# Primal-Dual Pair Feasible solution implies optimal solution

calculuslinear programmingoptimization

Hello I am trying to understand one solution for the following problem:

17.16 Consider the problem
\begin{aligned} \operatorname{minimize} \ & \boldsymbol{c}^{\top} \boldsymbol{x}, \quad \boldsymbol{x} \in \mathbb{R}^{n} \\ \text { subject to } & \boldsymbol{x} \geq \mathbf{0} . \end{aligned}
For this problem we have the following theorem.
Theorem: $$A$$ solution to the foregoing problem exists if and only if $$\boldsymbol{c} \geq \mathbf{0}$$. Moreover, if a solution exists, $$\mathbf{0}$$ is a solution.
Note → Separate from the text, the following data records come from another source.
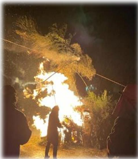
荒木町での左義長風景
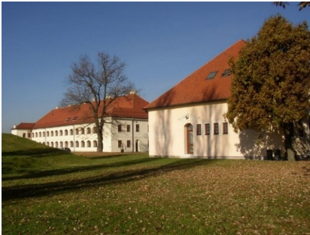
Slika 9. Tvrđava u Slavonskom Brodu
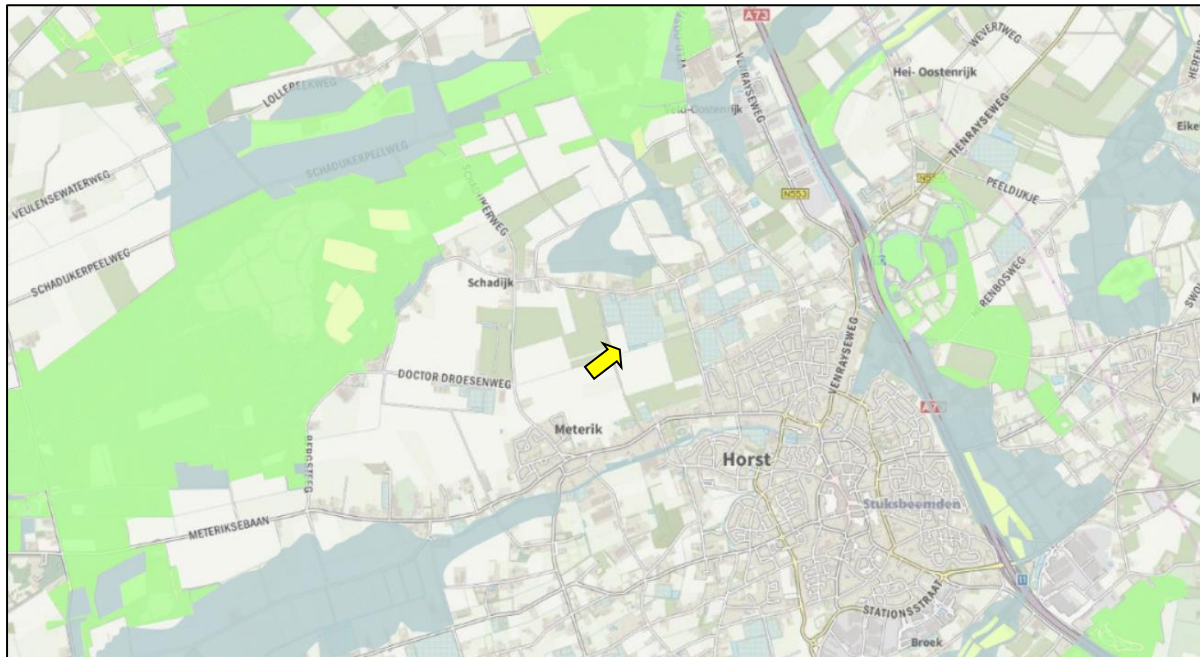
Figuur 10. Ligging onderzoekslocatie (gele pijl) ten opzichte van de goudgroene (groen gemarkeerd) en zilvergroeene (geel gemarkeerd) natuurzone en bronsgroene (grijs gemarkeerd) landschapszone van het Natuurnetwerk Nederland.

De onderzoekslocatie maakt geen deel uit van het Natuurnetwerk. Het meest nabijgelegen gebied bevindt zich circa 600 meter ten noorden van de onderzoekslocatie. Het betreft een gebied in de bronsgroene landschapszone. Op 1,4 kilometer ten noordwesten van de onderzoekslocatie bevinden zich de Schadijse bossen, een gebied dat behoort tot de goudgroene natuurzone. In figuur 10 is de ligging van de onderzoekslocatie ten opzichte van het Natuurnetwerk Nederland weergegeven.

Use the duality theorem to prove this theorem (see also Exercise 22.15).

Solution:

The dual to the above linear program (asymmetric form) is \begin{aligned} \operatorname{maximize} \ & \boldsymbol{\lambda}^{\top} \boldsymbol{0}, \quad\\ \text { subject to } & \boldsymbol{\boldsymbol{\lambda}^{\top}}O \leq \mathbf{\boldsymbol{c}^{\top}} . \end{aligned}
The above dual problem has a feasible solution if and only if $$c ≥ 0$$. Since any feasible solution to the dual is also optimal, the dual has an optimal solution if and only if $$c ≥ 0$$. Therefore, by the duality theorem, the primal problem has a solution if and only if $$c ≥ 0$$.

Where does the statement "Since any feasible solution to the dual is also optimal" come from? Is this from the Complementary Slackness condition because $$Ax =b = 0$$ yields the 2 slackness condition $$0$$ ? or is true in every case?

For this particular dual, the objective function $$\boldsymbol \lambda^{\mathsf T}\boldsymbol 0$$ is the same for every $$\boldsymbol \lambda$$: it is always equal to $$0$$. That's why every feasible $$\boldsymbol \lambda$$ is optimal: no feasible solution to the dual can be better or worse than any other.

In general, the dual linear program is just a linear program like any other, and can have feasible solutions that aren't optimal.